AFC Energy PLC is a developer of hydrogen fuel cell technologies which focus on the displacement of diesel generators in stationary and maritime applications. The technology utilises hydrogen fuel for zero emission electricity generation. The company is based in Cranleigh, Surrey, United Kingdom. It is listed on the London Stock Exchange.

==History==
The company was established in 2006 by the acquisition of certain intellectual property rights and assets from Eneco. In 2010, it commissioned a hydrogen fuel cell named Alpha System at the Chinchilla underground coal gasification facility, operated by Linc Energy. Combining these technologies allowed usage of hydrogen, produced by the underground coal gasification process, as a feedstock for the fuel cell.

In August 2011, the company commissioned hydrogen fuel cell named Beta System at its facility in the United Kingdom. In October 2011, AFC Energy commissioned two Beta Systems at the AkzoNobel chlor-alkali plant in Bitterfeld, in Germany.

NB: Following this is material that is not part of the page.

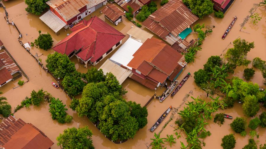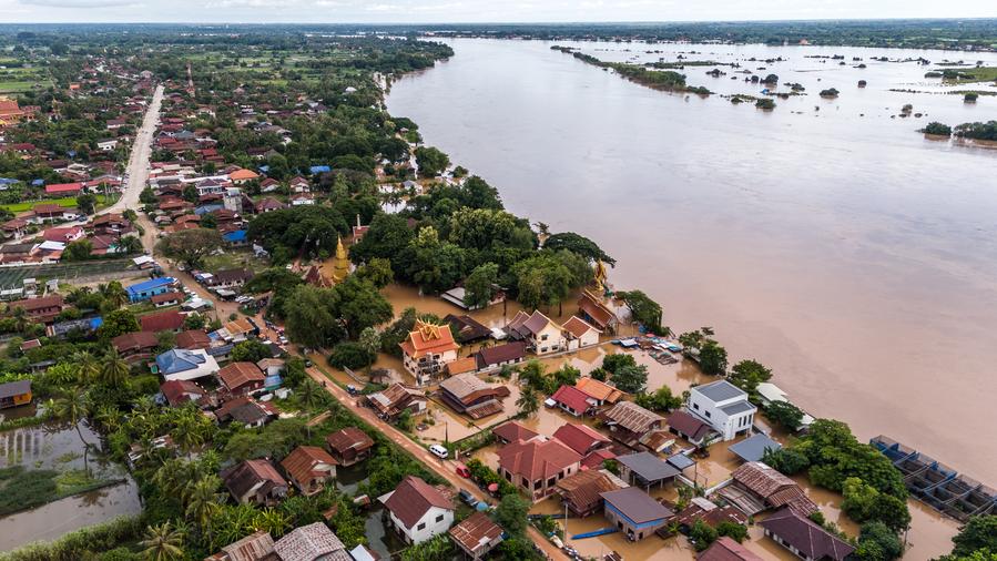 เวียงจันทน์, 16 ก.ย. ซินหัว ได้ประมวลภาพบ้านเรือนประชาชนและพื้นที่ริมแม่น้ำโขงที่ประสบภัยน้ำหลากท่วมในนครหลวงเวียงจันทน์ของลาว หลังจากระดับน้ำของแม่น้ำโขงในเวียงจันทน์เพิ่มขึ้นอย่างรวดเร็วเพราะฝนตกหนักในระยะนี้

In June 2012, AFC Energy and Industrial Chemicals Limited announced a plan to install the largest fuel cell facility in the United Kingdom with an electrical output of 1 MW. This was subsequently abandoned in 2013 in favour of deploying a large system at an Air Products facility at Stade, Germany.

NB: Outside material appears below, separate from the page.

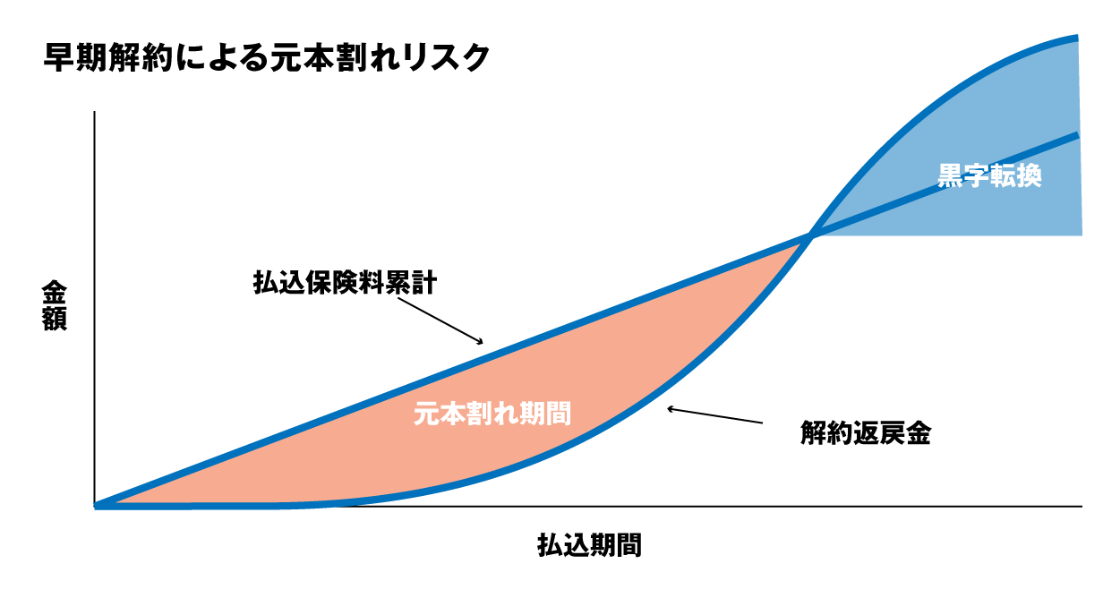 多くの場合、加入してから10年〜15年といった長期間が経過するまで、解約時に戻ってくるお金(解約返戻金)が、それまでに支払った保険料の総額を下回る「元本割れ」の状態が続きます。

In March 2015, AFC committed to build a 50 MW fuel cell park in South Korea, as part of a joint venture with two local companies, Samyoung and Changsing Chemical. In April 2015, AFC Energy signed a memorandum of understanding with Dubai Carbon for a 300 MW fuel cell park in Dubai. However, no progress of these projects has been reported.

In August 2015, AFC Energy commenced operation of its first KORE fuel cell system in Stade, Germany. In January 2016, the system reached capacity of 200 kW.

In July 2018, the company agreed to install a 200–400 kW fuel cell unit at the Southern Oil's biorefinery at Gladstone, Australia.

In July 2020, AFC Energy announced a collaboration with Extreme E to use its hydrogen fuel cell technology to enable its race fleet to be charged using zero emission energy. The by-product of utilizing these hydrogen fuel cell power generators for charging, water, will be used elsewhere on-site.

In October 2023, AFC Energy announced that its ammonia cracking technology had achieved 99.99% hydrogen from single reactor testing, with the results independently tested by the UK's NPL and exceeding the standard for fuel cell grade hydrogen.

In November 2024, AFC Energy reported an annual revenue of £4 million, an almost 1000% increase as compared to previously reported revenue of £434,000. The large increase in revenue was driven primarily by AFC Energy's partnership with Speedy Hire.

In June 2025 AFC Energy was reported to have secured a partnership with a global industrial company on the S&P 500 for the development of ammonia crackers. Under the terms of the agreement, development costs incurred by AFC Energy will be reimbursed by the partner with material revenues anticipated for 2027.